We can’t even get widespread adoption on workstations, what are the chances we’ll ever get them on mobile?
It’s all the same problems. There aren’t nearly enough people using it for developers to spend their time developing compatible versions of their software, much less ones with a mobile-friendly interface.
Maybe they’ll work with PWAs but those still suck.
I couldn’t possibly recommend it to anyone who is not a programmer. It doesn’t work for shit. The simplest and most basic things like just installing software is nigh-impossible for normies.
Any additional details you can add would go a long way towards troubleshooting. That desktop are you using (ex: Gnome, KDE, etc) and what model of laptop, the full hardware specs including CPU, GPU, WiFi model, etc. Finally, you’ll want to look at the system logs to see if there’s anything useful in there after resuming from sleep (journalctl).

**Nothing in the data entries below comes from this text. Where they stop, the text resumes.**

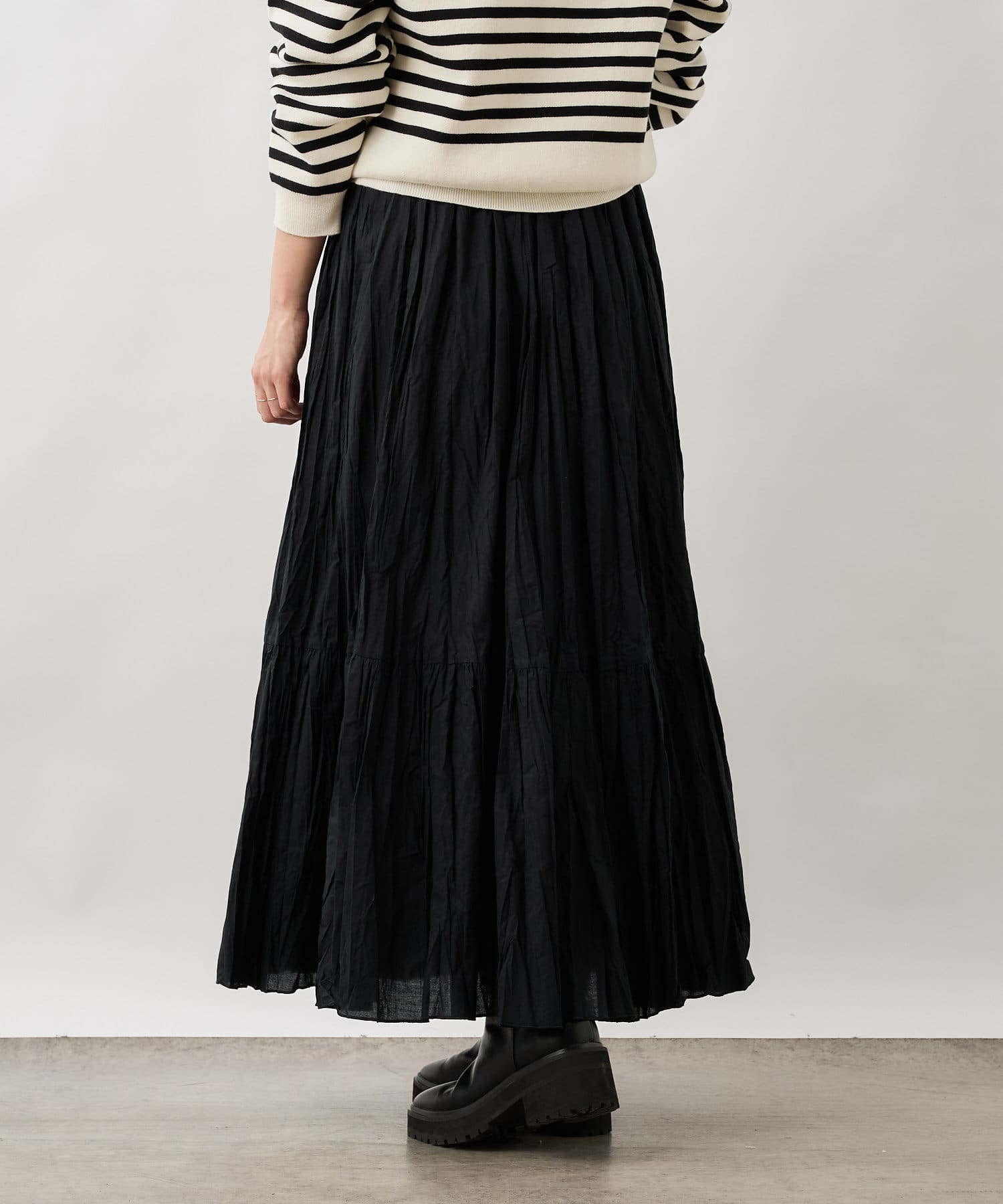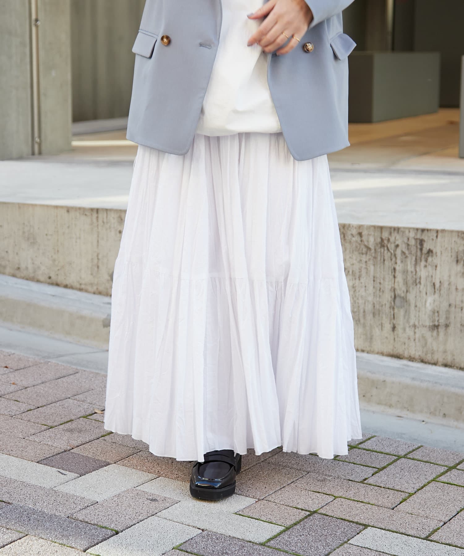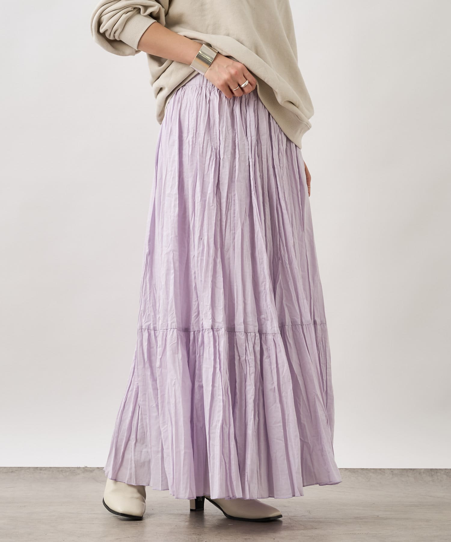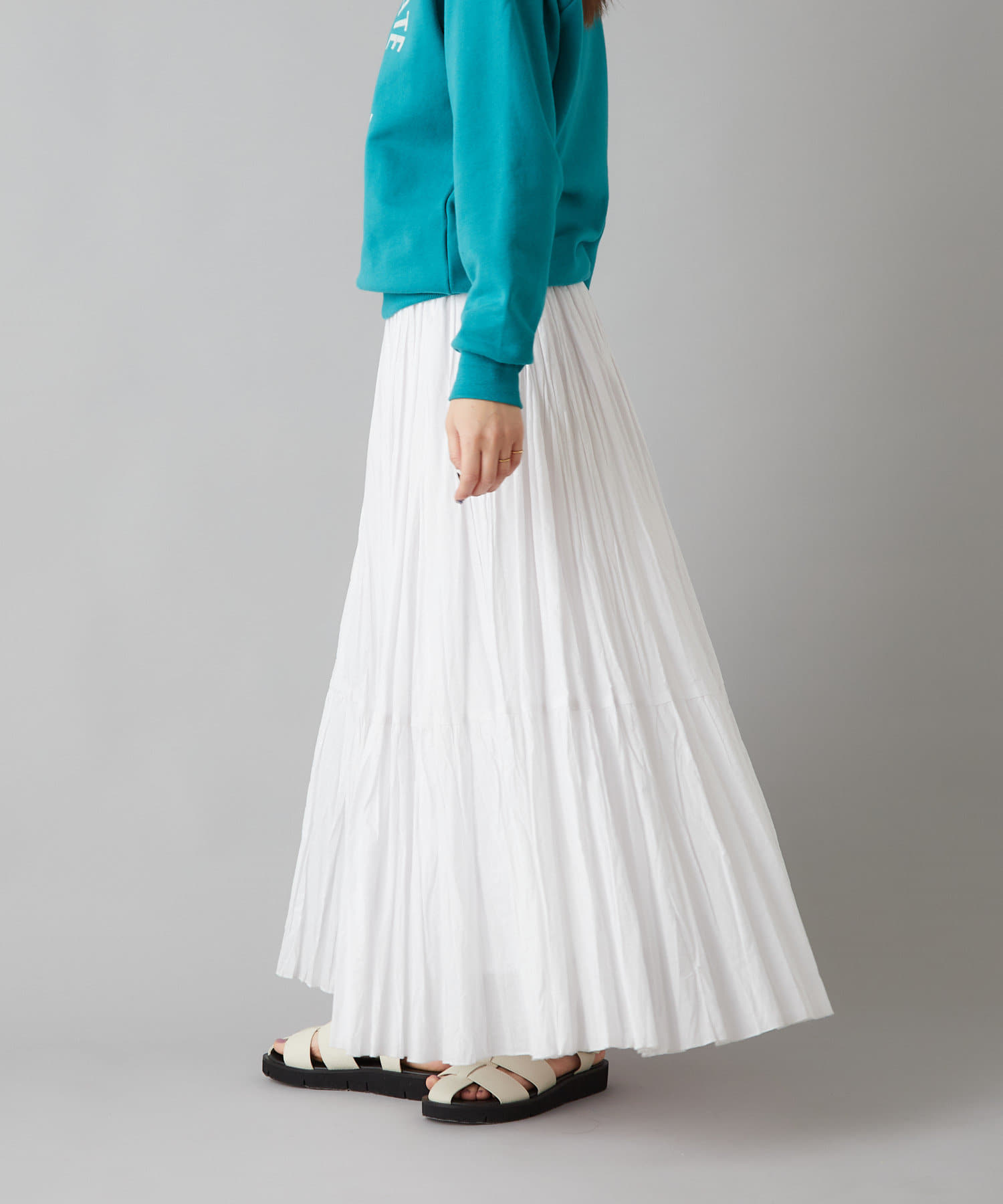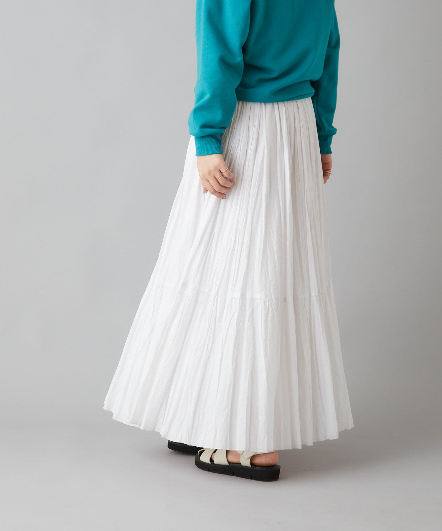 動くたびにきれいに広がるシルエットのコットンワッシャースカート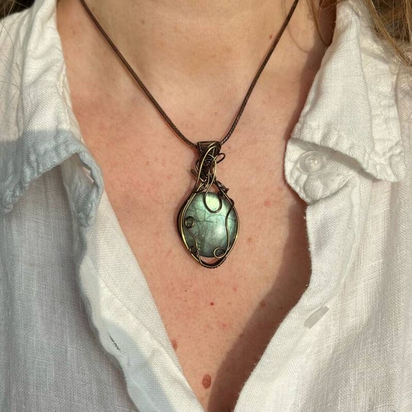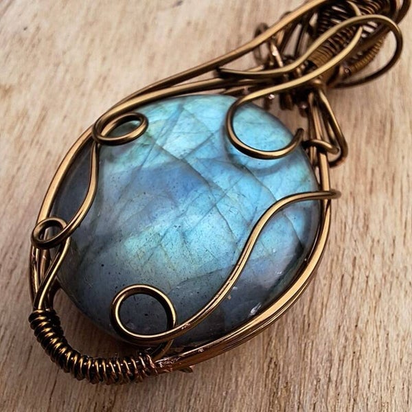 Deze Labradoriet is wire wrapped in prachtig krullerig ontwerp.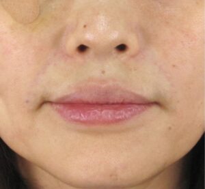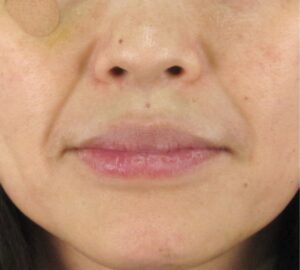 診察では、右側のほうれい線が左よりも深く、明らかな左右差がある状態を認めました。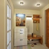 In addition, small corridors in the five-story building should be equipped with built-in furniture. It has small dimensions and, due to the lack of walls, takes up a minimum of space. An obligatory piece of furniture in these hallways is a shoe rack, which allows you to free up space and hide shoes from prying eyes.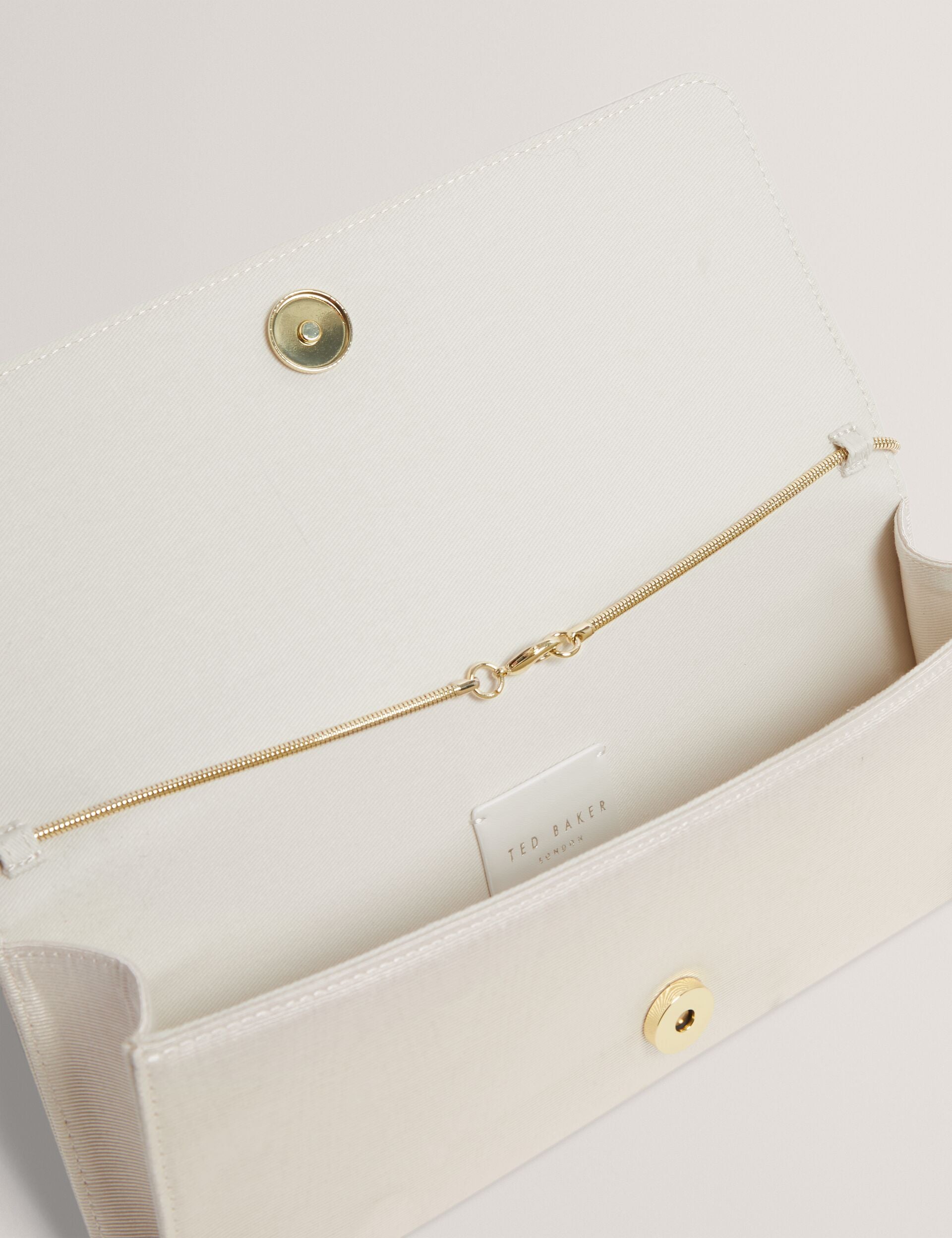MALIISA is the clutch bag of the season, marrying the delicate shimmer of moire fabric with the modern feel of a structured baguette shape. Complete with a snake chain shoulder strap, it brings easy elegance to wedding invites and date nights.
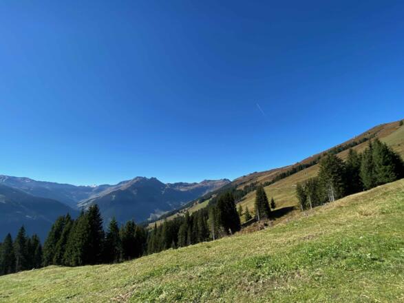 Mit der Gondel (oder Asphaltstraße) zur Bergstation der Reiterkogelbahn. Von dort geht es über breite Schotterwege zur Rosswaldhütte und weiter hinauf auf den Bergrücken nahe dem Kastelstein. Von da bergab erst noch auf breitem Weg und dann über den Hochalm Trail. Dieser mündet in eine Forststraße und dann weiter Talauswärts zurück nach Hinterglemm.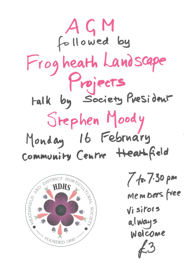 AGM followed by Frogheath Landscape Projects and talk by Society President Stephen Moody at Heathfield Community Centre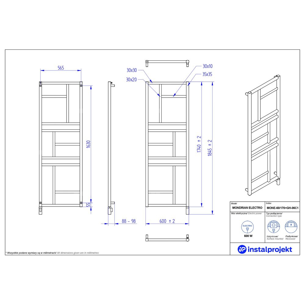 Grzejnik elektryczny (suszarka) INSTAL-PROJEKT Mondrian Electro, wym. 1740 (1845 z grzałką)/600 mm, kolor biały połysk, moc 600 W
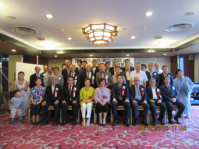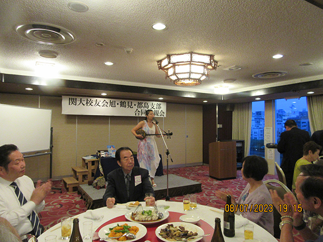 鶴見支部におきましても、久しぶりに話が弾むなかで、議案1号から第3号議案(R5年度の事業計画、予算など)までスムースな討議を終え、また旭、都島支部も同様に総会は終了し、来賓を交えた集合写真撮影も終え、さあ3支部合同懇親会の始まりです。玉置さん(都島支部)の司会で、学歌斉唱、香西都島支部長の開会挨拶、芋縄校友会副会長、仁井市内支部連合会長の来賓挨拶。桂小留師匠の落語で場もくつろぎ、校友会事務局中西さんの乾杯の音頭で楽しい宴会が始まりました、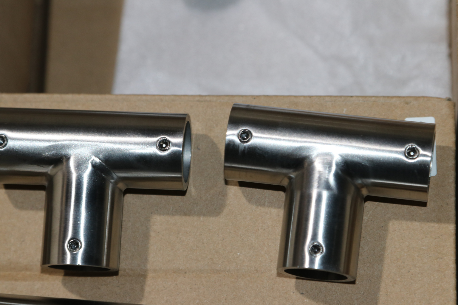 Труба вставляется в тройник со всех сторон и фиксируется с помощью шестигранника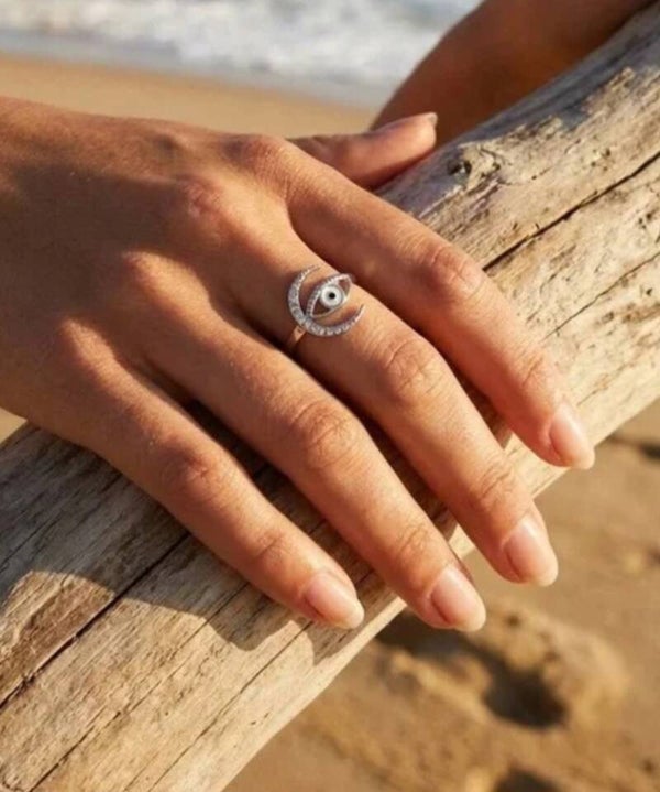 Craquez pour cette magnifique bague en acier inoxydable, avec un design unique œil et lune.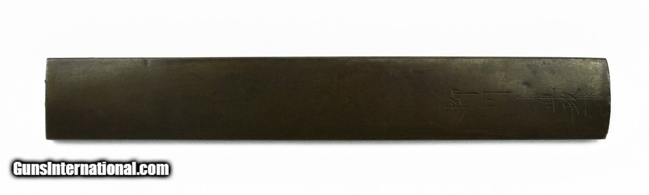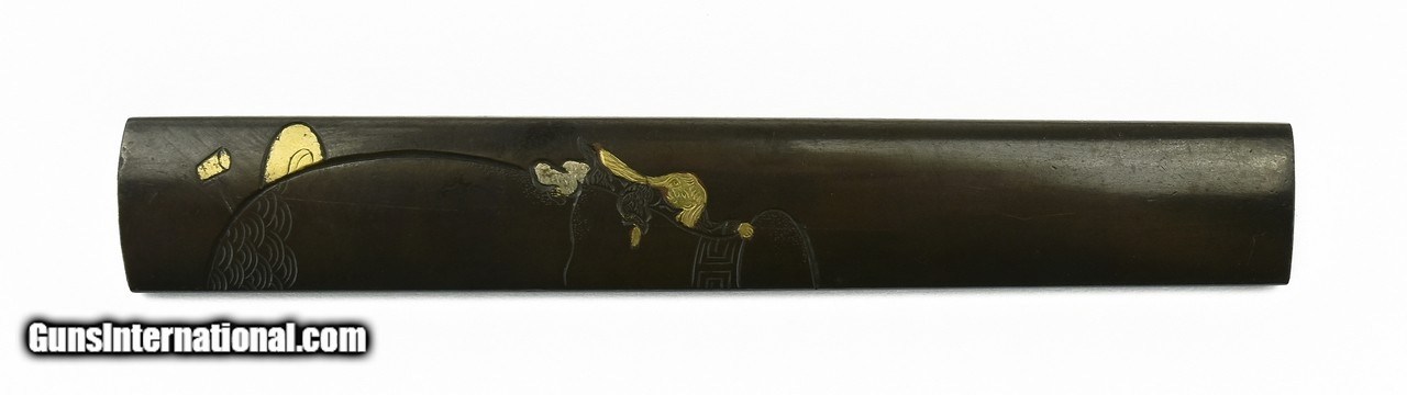 Description: "Kinko Kodzuka. Polished shakudo ground. Motif of child climbing container with gold and silver highlights. Signed: Yanagawa Nao Masa (1692-1757). Ref: Baur, P. 405. Became 2nd Hereditary Yanagawa Master. SOLD |

I'm trying to get the logs, but it's difficoult to paste them all here, I got a few on this link. But they all seem from 20 October, wierd. https://sharetext.me/nqz5mfph2y
The lines are quite many, they started at 1pm, while now that I was testing it's 5pm, only to go down by one minute it took quite a long time (definetly more than 1 minute) I'm not sure how to check
I must have just missed that originally, I was commenting before coffee.
I see you have the combination graphics (Optimus is what it was originally called IIRC) which has a history of sleep wake issues, that might be a good place to start on the monitor search.
Do you have Nvidia GPU? I am not sure if that could be related, but sometimes my old laptop would behave funky after resuming it from sleep when using nouveau driver. Although generally I just wouldn’t get any video output. But I could never get past login screen, and it sounds unlikely it would affect WiFi, but who knows?
It’s been a while, but if I recall correctly Linux has always had issues with resuming from suspend. I would set it to not suspend, make closing the lid do nothing.
Mhm, but it doesn't sound great. If you forget it's on, you put it in a backpack to then get it out at around 300 degrees. Sounds like a very bad idea.
Honestly, I recommend everyone without existing Linux experience to use Fedora: it's reasonable modern (nice for, e.g. gaming), while also not being a full rolling release model like Arch (which needs expertise to fix in case something breaks).
It's also reasonably popular, meaning you will find enough guidance in case something does break.
Alternatively, don’t use Pop_OS. I installed it on an ex’s laptop because it was easy but it’d have all the same problems as Ubuntu without the helpful diagnostic tools and extensive documentation. Hers messed up far more than my Arch install
I had several drives in my PC, so I wiped a small one and just installed a few different distros and figured out what I liked. I ended up sticking with nobara with KDE.